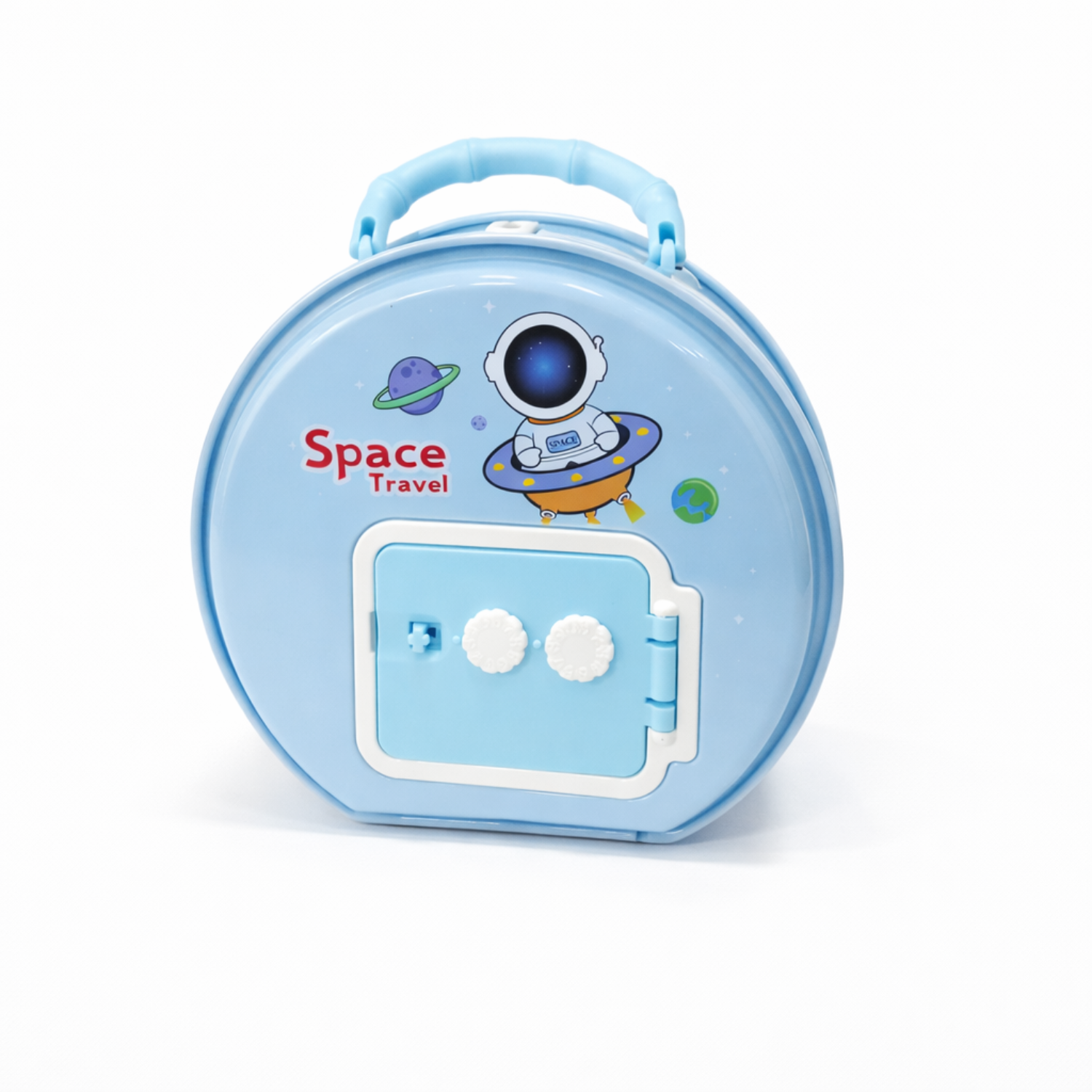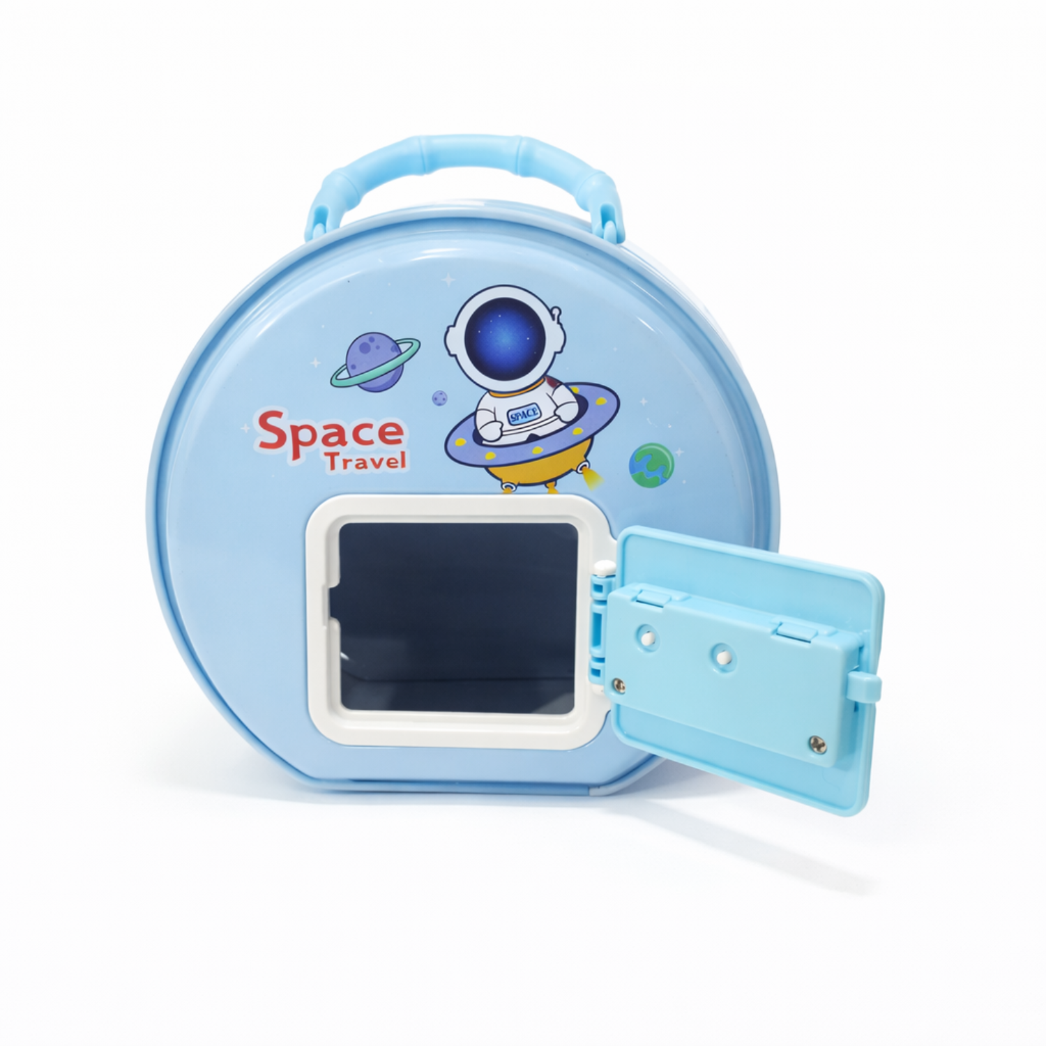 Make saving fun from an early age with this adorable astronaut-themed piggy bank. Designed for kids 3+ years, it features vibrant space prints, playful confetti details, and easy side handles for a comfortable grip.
---
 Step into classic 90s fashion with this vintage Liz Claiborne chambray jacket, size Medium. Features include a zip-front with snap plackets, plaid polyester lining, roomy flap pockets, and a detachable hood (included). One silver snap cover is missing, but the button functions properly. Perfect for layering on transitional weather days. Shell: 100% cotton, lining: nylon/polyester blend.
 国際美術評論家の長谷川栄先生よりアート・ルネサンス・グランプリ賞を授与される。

**Task instructions**
Given the records above, return exactly the lines starting at the line containing "Step into classic" and ending at the line containing "国際美術評論家の長谷川栄先生よりアート・ルネサンス・グランプリ賞を授与される。", including both.

**Task output**
 Step into classic 90s fashion with this vintage Liz Claiborne chambray jacket, size Medium. Features include a zip-front with snap plackets, plaid polyester lining, roomy flap pockets, and a detachable hood (included). One silver snap cover is missing, but the button functions properly. Perfect for layering on transitional weather days. Shell: 100% cotton, lining: nylon/polyester blend.
 国際美術評論家の長谷川栄先生よりアート・ルネサンス・グランプリ賞を授与される。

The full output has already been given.